3. When I read statements various like this: “As well as a supply of credible evidence, effort needs to be made to understand the demand for evidence” I have an image in my mind of evaluators as humble supplicants, at the doorsteps of the high and mighty. Isn’t it about time that evaluators turned around and started demanding that policy makers disclose the evidence base of their existing policies? As I am sure has been said by others before, when you look around there does not seem to be much evidence of evidence based policy making. Norms and expectations need to be built up, and then there may be more interest in what evaluations have to say. A more assertive and questioning posture is needed.

Sound expectations: from impact evaluations to policy change

3ie Working paper # 12, 2011, by Center for the Implementation of Public Policies Promoting Equity and Growth (CIPPEC) Emails: vweyrauch@cippec.org, gdiazlangou@cippec.org

Abstract

“This paper outlines a comprehensive and flexible analytical conceptual framework to be used in the production of a case study series. The cases are expected to identify factors that help or hinder rigorous impact evaluations (IEs) from influenc ing policy and improving policy effectiveness. This framework has been developed to be adaptable to the reality of developing countries. It is aimed as an analytical-methodological tool which should enable researchers in producing case studies which identify factors that affect and explain impact evaluations’ policy influence potential. The approach should also enable comparison between cases and regions to draw lessons that are relevant beyond the cases themselves.

There are two different , though interconnected, issues that must be dealt with while discussing the policy influence of impact evaluations. The first issue has to do with the type of policy influence pursued and, aligned with this, the determination of the accomplishment (or not) of the intended influence. In this paper, we first introduce the discussion regarding the different types of policy influence objectives that impact evaluations usually pursue, which will ultimately help determine whether policy influence was indeed achieved. This discussion is mainly centered around whether an impact evaluation has had impact on policy. The second issue is related to the identification of the factors and forces that mediate the policy influence efforts and is focused on why the influence was achieved or not. We have identified and systematized the mediating factors and forces, and we approach them in this paper from the demand and supply perspective, considering as well, the intersection between these two.

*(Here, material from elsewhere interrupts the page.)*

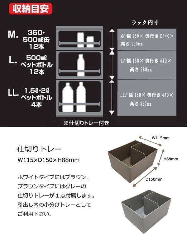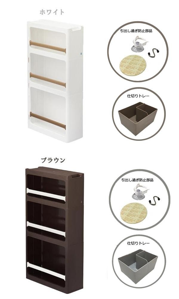 | 付属品 | キャスター(底面後方/2個)、仕切りトレー、引出し過ぎ防止部品(S字フック、紐、吸盤、吸盤補助板) |
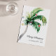 Una moderna y elegante tarjeta de felicitación plana de vacaciones con tipografía de escritura moderna y manuscrita con un Palm Tree decorado. Personalizar fácilmente esta tarjeta haciendo clic en el botón "Personalizar".

The paper concludes that, ultimately, the fulfillment of policy change based on the results of impact evaluations is determined by the interplay of the policy influenc e objectives with the factors that affect the supply and demand of research in the policymaking process.

The paper is divided in four sections. A brief introduction is followed by an analysis of policy influence as an objective of research, specifically, impact evaluations. The third section identifies factors and forces that enhance or undermine influence in public policy decision making. The research ends up pointing out the importance of measuring policy influence and enumerates a series of challenges that have to be further assessed.”